Так у нас на руках оказалась рукопись нижеследующего письма, которое занимало нас долгими зимними вечерами, покуда мы переводили и сокращали его. Письмо начиналось с разговоров о страданиях, которые автор уже нанесла своей дочери отказом одобрять её помолвку, однако не думаю, что без подсказок от мельника мы смогли бы разобрать это из страстных, рваных предложений, намекавших на некоторую сцену, произошедшую между матерью и дочерью и, возможно, третьим лицом незадолго до этого письма.

 

“Ты не любишь своё дитя, матушка! Тебе всё равно, что её сердце разбито! ” О боже! Эти слова моей возлюбленной Урсулы звенят в ушах и будут звенеть на моём смертном одре. И её несчастное, заплаканное лицо стоит перед глазами, куда бы я ни посмотрела. Дитя! Сердца не бьются; жизнь тяжела и даже ужасна. Но я за тебя не решаю. Я скажу тебе всё, и тяжесть выбора падёт на тебя. Я могу ошибаться; разум мой слаб сейчас, да и всегда был, пожалуй, но я всегда полагалась на предчувствие вместо суждения, и это предчувствие говорит мне, что ты не должна выходить замуж за своего Анри. Но я могу ошибаться. Я лишь хочу счастья своему дитя. Покажи это послание доброму пастору Шришайму, если, прочитав, ты ещё будешь сомневаться. Но я расскажу тебе всё при условии, что ты никогда не заговоришь со мной об этом. Вопросы меня убьют. Я будто снова переживу произошедшее.

 

Как тебе известно, мой отец держал мельницу на Неккаре, где нынче живёт твой новообретённый дядюшка Шерер. Ты помнишь, с каким удивлением мы были приняты там год назад; как твой дядюшка не поверил, что я его сестра Анна, ведь он считал меня давно умершей; и как я подвела тебя к моему портрету, писанному много лет назад, и показала сходство, черту за чертой, между ним и тобою; и как я по мере разговора сначала вспоминала сама, а потом напоминала ему о подробностях той поры, когда был написан этот портрет, какими весёлыми словами мы перекидывались, будучи беззаботными детьми; о том, как была расставлена мебель в комнате; о привычках отца; о вишне, ныне срубленной, которая затеняла окно в мою спальню, откуда брат нередко залезал на самую высокую ветку, способную выдержать его вес, и подавал мне оттуда свой картуз, полный ягод, а я сидела на подоконнике, слишком боясь за него, чтобы есть их.

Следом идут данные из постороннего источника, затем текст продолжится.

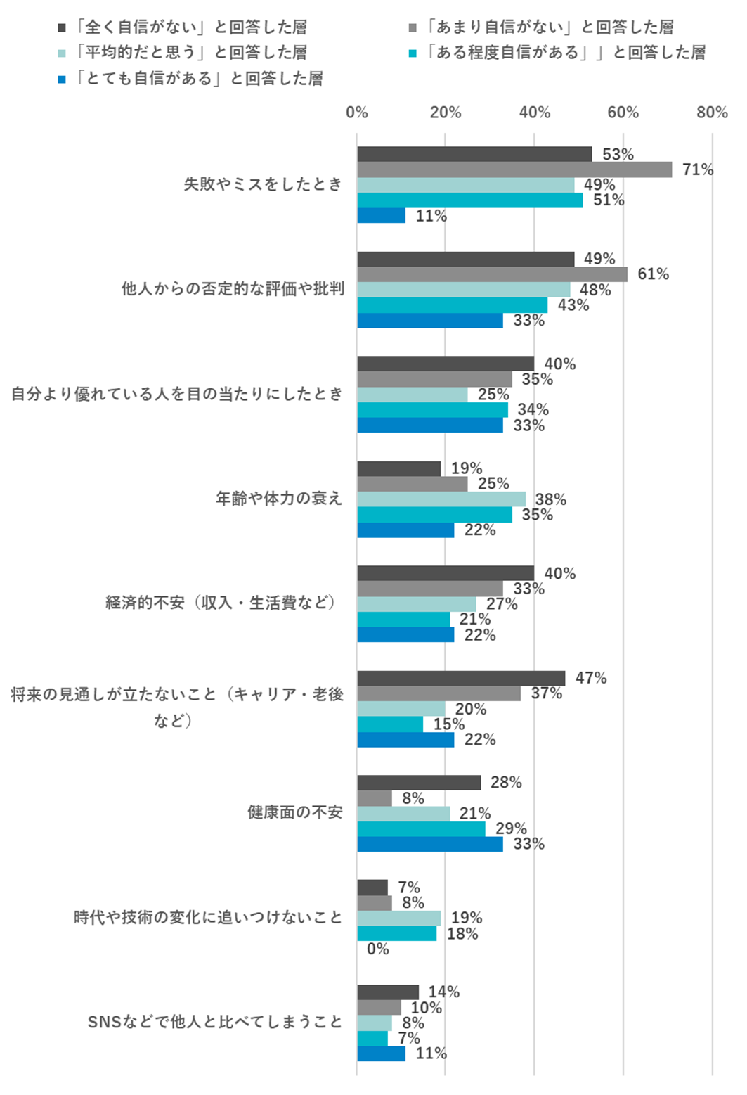 自信の度合いが低い層ほど、「失敗やミスをしたとき」(71%)や「他人からの否定的な評価や批判」(61%)を自信を揺るがす要因として挙げる割合が高くなりました。

В конце концов, Фриц убедился, поверил, что я его сестра Анна, будто я воскресла из мёртвых. Ты помнишь, как он привёл свою жену и сообщил ей, что я жива, что я вернулась в старый дом, пусть и не та, что прежде. И она не хотела ему верить и мерила меня холодным, подозрительным взглядом, пока я, наконец, помня её как Бабетту Мюллер, не сказала ей, что я не бедствую и не искала их с целью наживы. Тогда она спросила (не меня, а своего мужа) – почему я так долго пропадала, заставив всех – отца, брата, всех домашних, кто меня любил, – думать, что я умерла. И тогда твой дядя – ты помнишь? – сказал, что ему достаточно знать лишь то, что я сочту нужным рассказать, что я его сестра Анна, вновь здесь, чтобы радовать его в старости, как радовала в детстве. В душе я была благодарна ему за доверие, поскольку, не будь сейчас необходимо рассказать о прошлом, я бы никогда не поминала о нём. Но моя золовка была не столь радушна, а потому я не осталась в Гейдельберге, как планировала, а лишь удовлетворилась обещанием брата стать отцом моей Урсуле, когда я умру и покину этот бренный мир.

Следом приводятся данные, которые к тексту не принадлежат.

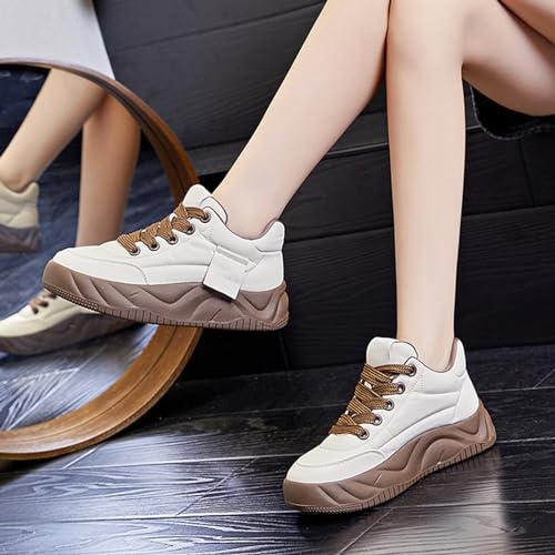 Women's Genuine Leather Platform Heighten Fashion Sneaker Retro Round-Toe Lace Up Lightweight Comfort Casual Walking Shoes 6

Эта Бабетта Мюллер была, с позволения сказать, причиной всех моих несчастий. Она была дочерью пекаря из Гейдельберга – и красавицей, как многие говорили, хотя, насколько я понимаю (да и ты видела мой портрет), я тоже славилась красотой. Бабетта Мюллер считала меня соперницей. Она хотела, чтоб ею восхищались, но никто её не любил. Меня же любили многие: твой дедушка, Фриц, старая служанка Кетхен, Карл, главный помощник мельника; я боялась восхищения, и внимания, и взглядов на меня как на “красотку, мельникову дочку”, когда я ходила за покупками в Гейдельберг.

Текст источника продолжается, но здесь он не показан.